• _THE TASK_
The line containing "厳選したスターが強く内包物の" and all lines following it in the listing below are to be reproduced exactly, with no other lines.

• _DATA BLOCK_
-- Opening Marker --
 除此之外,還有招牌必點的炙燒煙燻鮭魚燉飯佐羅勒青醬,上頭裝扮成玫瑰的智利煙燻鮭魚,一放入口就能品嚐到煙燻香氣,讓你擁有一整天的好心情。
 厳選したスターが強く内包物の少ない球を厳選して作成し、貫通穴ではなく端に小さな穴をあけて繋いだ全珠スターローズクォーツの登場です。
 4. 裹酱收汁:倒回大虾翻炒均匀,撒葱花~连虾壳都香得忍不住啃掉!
-- Closing Marker --
• _RESPONSE TO THIS TASK_
 厳選したスターが強く内包物の少ない球を厳選して作成し、貫通穴ではなく端に小さな穴をあけて繋いだ全珠スターローズクォーツの登場です。
 4. 裹酱收汁:倒回大虾翻炒均匀,撒葱花~连虾壳都香得忍不住啃掉!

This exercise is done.